The terrorist atrocities in Paris on November 13, 2015 tore through the frayed fabric of global order. A synchronized operation was mounted in the heart of a western democracy with access to the most sophisticated intelligence technologies. Earlier that day, I spoke to a few hundred teenage students in Chicago, Illinois. Following the talk, they asked challenging questions, including: “What did I mean by the ‘sameness’ of all human beings that can be learned during collaborative real world experiences?”; and, simply but poignantly, “What causes conflict?”[1]

Two days later, I read about the program, “Social and Emotional Learning” (S.E. L.), available to thousands of American elementary school students. It has had remarkable results.
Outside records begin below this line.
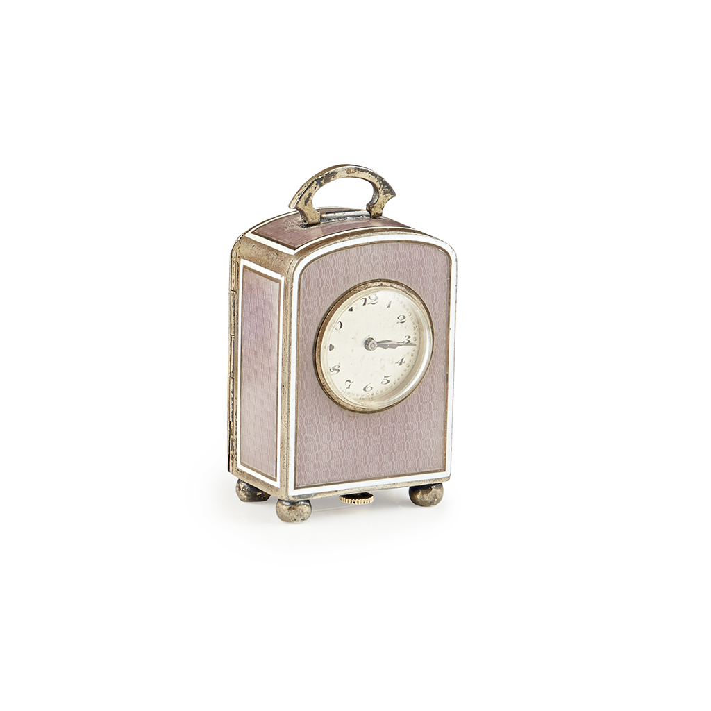 Ateliers Juvenia, circa 1930, the rectangular case with arched top and loop handle, the front panel with lilac guilloche enamel ground, white border, plain silvered dial, Arabic numerals, all raised on bun feet, plain Swiss movement by Juvenia
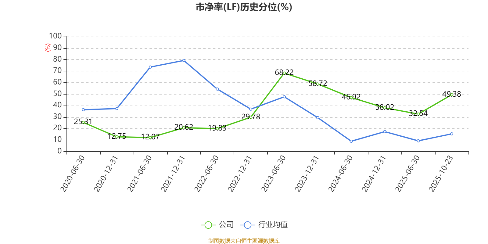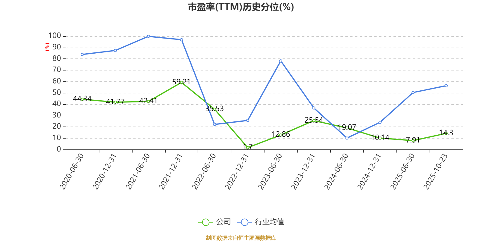 市盈率、市净率为负时,不显示当期分位数,会导致折线图中断。
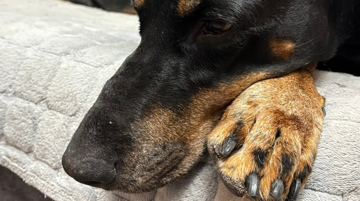 Она с утра лежит не лая,

Participating students “become more aware of their feelings and learn to relate more peacefully with others”. [2]Empathy and kindness, research shows, can be fostered, and school children can imbibe “the concept of shared responsibility for a group’s well- being.” At the end of my talk, I had told the students that they were learning to be “builders of democracy, engineers of shared prosperity, and mitigators of social conflict.” It turns out that these attributes can be more actively cultivated than I had assumed.

Sadly, millions of young people worldwide are being trained differently, to be instruments of autocracy, destroyers of livelihoods, and perpetrators of atrocities. To meet this grim challenge, new paradigms and pathways are needed. The belief that democracy, inclusive development, and conflict mitigation constitute a virtuous cycle that can steadily gain traction is countered today by a vicious cycle in which enmity, violence, and even suicide are extolled.
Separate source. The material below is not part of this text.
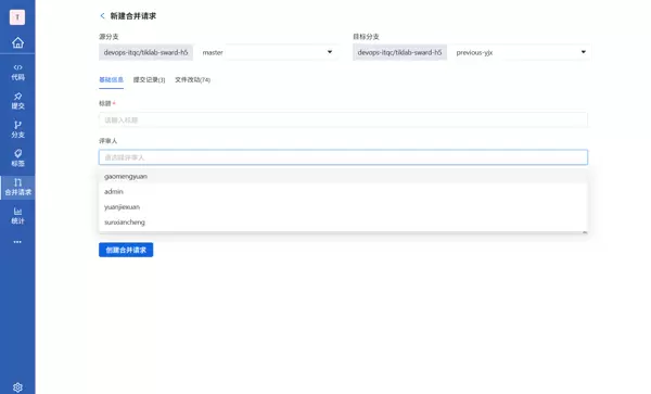 在创建合并请求时,系统默认将创建者设为评审人之一,同时也支持多选其他成员作为共同评审人。

I wondered if my talk would go “over the heads” of the middle teenagers, and whether it could compete for attention with their electronic gadgetry and playfulness. These concerns were quickly dissipated. The points made in my brief remarks could, of course, be presented in greater depth and complexity. [3] New paradigms and pathways that connect treasured values with real-world experiences, and which can be clearly communicated to many age groups, are urgently needed. [4] We must redouble our efforts to meet this challenge.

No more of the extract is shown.